▶ _Brief_
Only the lines below from the one that holds "NAS President (4th" through the one that holds "The old entrance hall" should appear in the answer, copied exactly, end lines included and pictures omitted.

▶ _Available data_
-=-=-
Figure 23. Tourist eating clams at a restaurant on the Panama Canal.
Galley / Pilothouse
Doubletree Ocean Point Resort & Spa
-=-=-
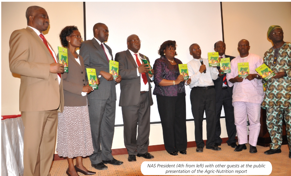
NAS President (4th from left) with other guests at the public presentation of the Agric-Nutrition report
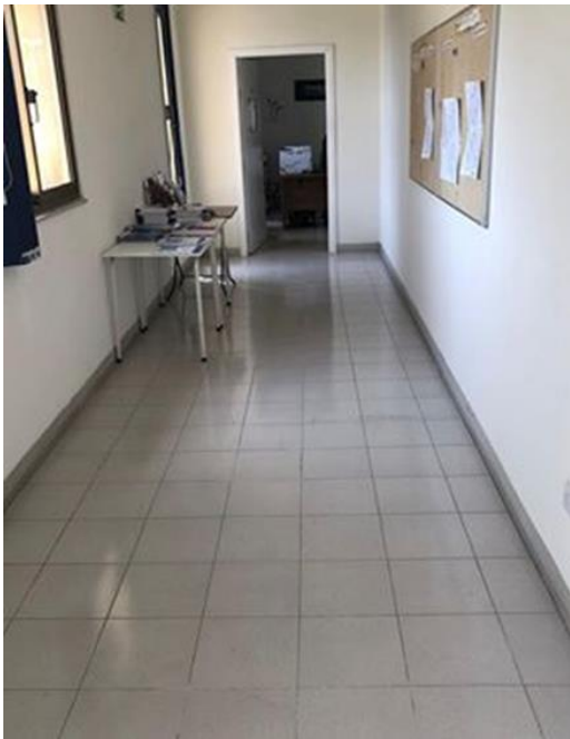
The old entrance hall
-=-=-
▶ _Written reply_
NAS President (4th from left) with other guests at the public presentation of the Agric-Nutrition report
The old entrance hall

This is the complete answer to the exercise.